Of the world's 27 million labour and sex slaves, two thirds are in India, Nepal and Pakistan. This painful reality compelled Thompson to executive-produce Sold, which tells the story of Lakshmi, a 13-year-old Nepalese girl who is trafficked into Calcutta's prostitution racket. Niyar Saikia is astonishing as Lakshmi, while Gillian Anderson also stars as a photographer who seeks to rescue her. Sold opens this year's London Indian film festival.

Through her charity work, Thompson has met survivors of trafficking, and is adamant that the film does their experience justice. "It's so human and infinitely watchable," she says. "You see this little girl's character; she's so determined and she understands her situation. She watches the older women who've been brutalised by their experiences and comments on it. It does reflect the stories of these survivors."

Sold is the debut feature of US director Jeffrey Brown, whose stepfather is Indian. "You see everything in India," he says. "You smell jasmine and human faeces at the same time. It bombards your senses and tests your head and your heart. It has the richest stories in the world."

His film, based on a novel by Patricia McCormick, was made with the express intention of spotlighting the tragedy of enslaved children and raising funds for them. "I wanted to make a film that would help real kids," he says. But Thompson is keen to claim it as entertainment as well as agitprop. "Sometimes when life's at its worst, when we're up against the wall, that's when we laugh the most. What Jeff has done is to brilliantly focus on that, so we can recover from our natural horror at this girl's situation."

Much of Brown's previous career was in children's television, and he drew on that experience to show Lakshmi's heroism from her own perspective, through her appalling journey from the Himalayas to the congested squalor of the city. "At the beginning, we shot her from above to make her look small and vulnerable, and as she grows in strength we gradually put her on a par with the adults in the movie. By the end, the camera is looking up at her."

As well as a largely Indian cast, Brown used an Indian crew. But shooting in India brings unique problems. "The most challenging thing isn't the inevitable crowds that converge around you but the sheer noise," says Brown. "We had to do what Bollywood films always do. We spent 26 days recording the sounds again. All the dialogue and all the sound effects – footsteps, cups being put down, everything."

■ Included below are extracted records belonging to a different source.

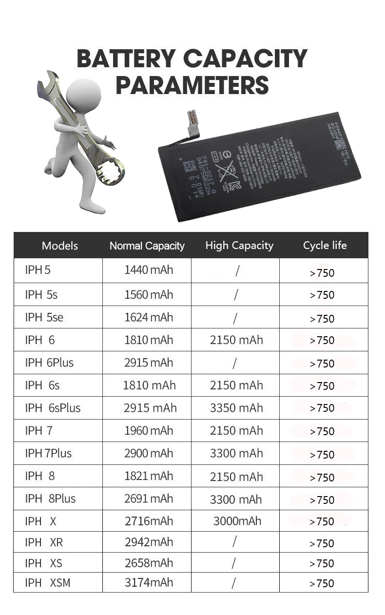 Вопросы и ответыВ1: Есть ли более 2000 мАч?О1: Емкость почти соответствует заявленной емкости. Пожалуйста, покупайте бесплатно.Клиент 1: взял 2200 мАч, тест 1960 мАчКлиент 2: взял 2200 мАч, тест 2229 мАчКлиент 3: взял 3400 мАч для IP 6 plus, тест около 3700 мАч. При зарядке с 7 до 100%, показал 3100 мАч.
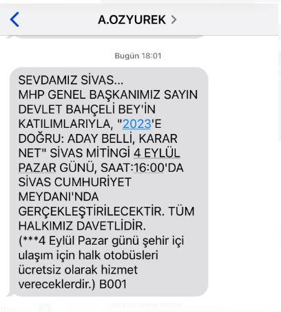 Ahmet Özyürek tarafından gönderilen mesajda, "Sevdamız Sivas... MHP Genel Başkanımız Sayın Devlet Bahçeli Bey'in katılımlarıyla 2023'e doğru: 'Aday Belli, Karar Net' Sivas mitingi 4 Eylül Pazar günü saat 16.00'da Sivas Cumhuriyet Meydanı'nda gerçekleştirilecektir. Tüm halkımız davetlidir. 4 Eylül Pazar günü şehir içi ulaşım için halk otobüsleri ücretsiz olarak hizmet verecektir." ifadeleri kullanıldı.
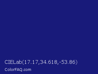 CIELab 17.17,34.618,-53.86 Color is a dark blue color and the nearest color is Deep Koamaru #1b127b. Hex code #181a7a and RGB value is rgb(24,26,122). In RGB color space, this color is composed of 9% red, 10% green, 48% blue, In CMYK color space, this color is composed of 80% cyan, 79% magenta, 0% yellow , 52% black , In HSL color space, this color has a hue angle of 239° , 67% saturation and 29% lightness.

The film is one of a handful on the programme that are the product of the increasing integration of western and Indian talent and finance. Such cross-pollination was present at the start of the movie industry in the subcontinent. Bombay Talkies, India's first studio, established in 1934, was founded on the skill of European technicians, particularly Germans. And in 1935 an American director, Ellis R Dungan, arrived in India intending to stay only six months. Over the next 15 years he laid the foundations of Tamil cinema, working on 14 films without ever knowing the language. His story is told in the documentary An American in Madras, also showing at the festival. As is Hank and Asha, a modern-day tale of Indo-American connection, in which an Indian student falls into an online romance with an American documentarist.

This ever-closer relationship has caught the attention of Disney, whose upcoming Million Dollar Arm stars Jon Hamm as a US sports agent who goes to Lucknow in search of baseball-pitching talent, based on the true story of the first two Indians to play the game professionally in the US. The ambition and striving energy of modern India provides an all-American tale of poor boys making good. One of them is played by Madhur Mittal – best known as the gangster older brother in Slumdog Millionaire. "It's the story of the underdog," he says. "It's a fish-out-of-water movie. You got this American in India, and then you have these Indian kids in America."

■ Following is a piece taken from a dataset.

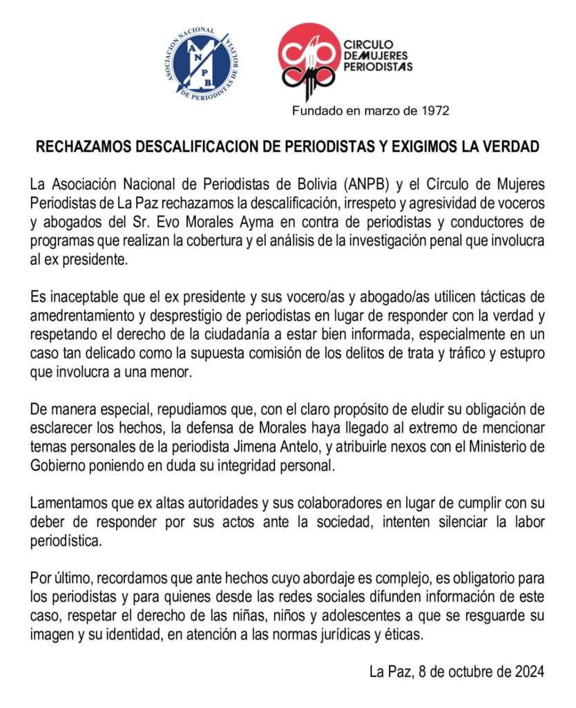 Bolivia, 8 de octubre de 2024 – La Asociación Nacional de Periodistas de Bolivia (ANPB), junto con el Círculo de Mujeres Periodistas de La Paz, ha expresado su firme rechazo a la descalificación y agresividad mostrada por los voceros y abogados del ex presidente Evo Morales Ayma hacia los periodistas que investigan las acusaciones de trata y estupro en su contra.
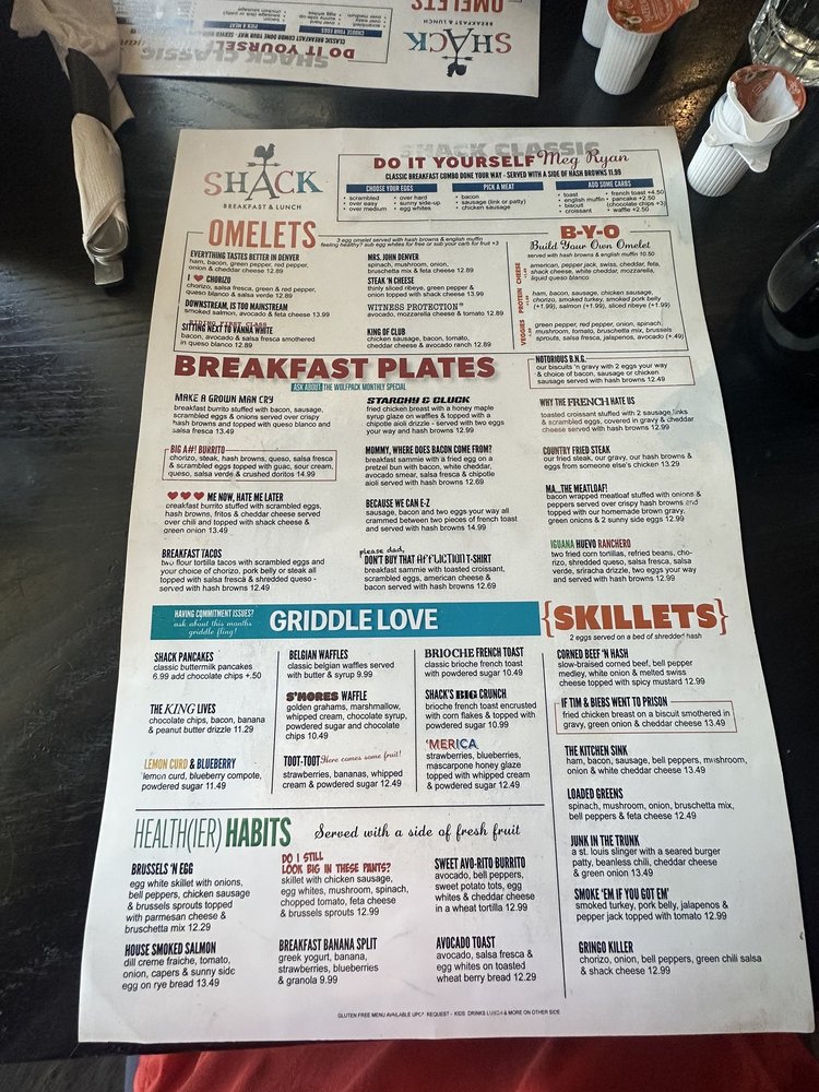 Shack Breakfast & Lunch, located in O'Fallon, MO, serves an expansive menu that guarantees satisfaction for every palate. Breakfast enthusiasts are in for a treat with unique offerings like the breakfast skillet featuring smoked turkey and pork belly, a highlight praised by patrons like Lamar Y. The menu goes beyond traditional fare, catering to various dietary needs with vegan options and gluten-free choices available.

His own experience as an Indian working in Hollywood has been positive. "Before Slumdog, I wasn't sure how I would be treated," he says. "But I've been completely welcomed and been treated with so much warmth."

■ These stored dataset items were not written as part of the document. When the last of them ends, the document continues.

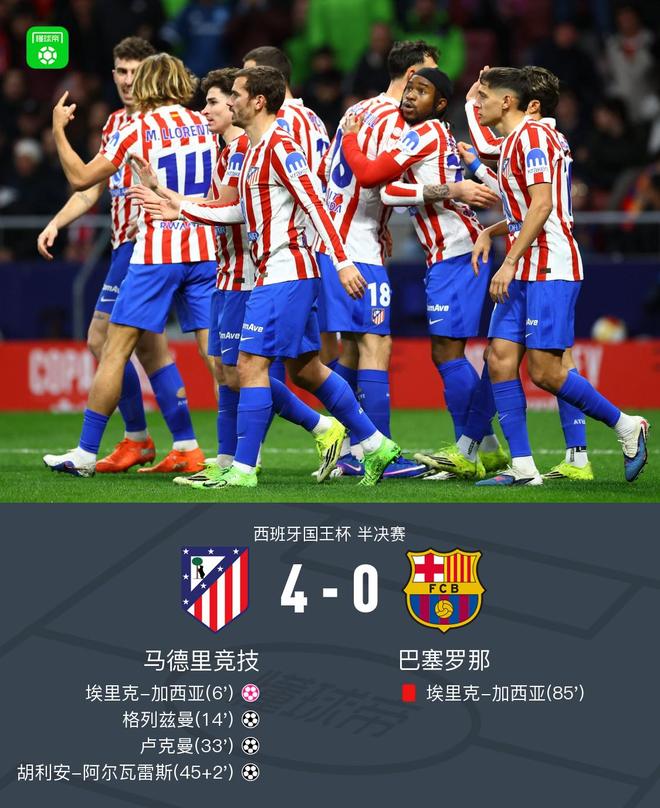 北京时间2月13日西班牙国王杯 半决赛,马德里竞技对阵巴塞罗那。上半场开场不久,埃里克-加西亚回传,霍安-加西亚将球停进自家球门,随后,巴萨后防线形同虚设,格列兹曼、卢克曼,阿尔瓦雷斯相继进球。下半场,埃里克-加西亚放倒单刀机会的巴埃纳,裁判出示红牌将其罚下。最终比分马竞 4-0 巴萨。
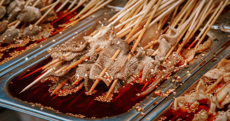 Global fusion flavors blend in market stall skewers, flavors mixing cultural elements, flavors creating unique tastes, diverse meats, colorful arrangement, perfect for international cuisine docs
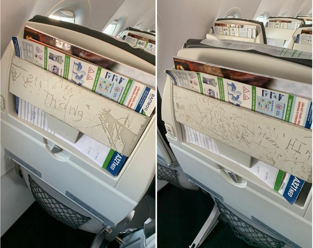 Mới đây nhất, vào ngày 20/12, trên tàu bay của một hãng hàng không ghi nhận hình ảnh ghế ngồi máy bay bị khắc, vẽ bậy nghiêm trọng. Cộng đồng mạng đã để lại nhiều bình luận thể hiện sự bất bình, ngán ngẩm vì hành vi xấu xí này.
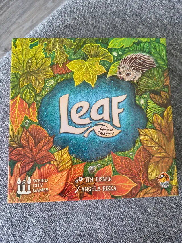 Detalhes do produtoJogo de tabuleiro Leaf, com arte temática de outono e um ouriço, versão francesa.
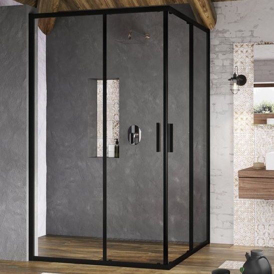 Душевое ограждение Ravak Blix Slim BLSRV2K, размер 100х100х195 см с угловым входом. Профиль чёрный, стекло Transparent. Габариты регулировки (986-1000)х(986-1000)х1950 мм.

Hamm reacted to India with similar enthusiasm, Mittal reports. "He's so charming and such a gentleman. Even when it was so hot he needed to change his shirt 20 times, he never complained. I cooked him my mother's dal makhani recipe, because the on-set catering was a bit mild and I wanted him to taste something authentic. He loved it, even though he was in tears because it was so spicy."

• The London Indian film festival runs from 10-17 July.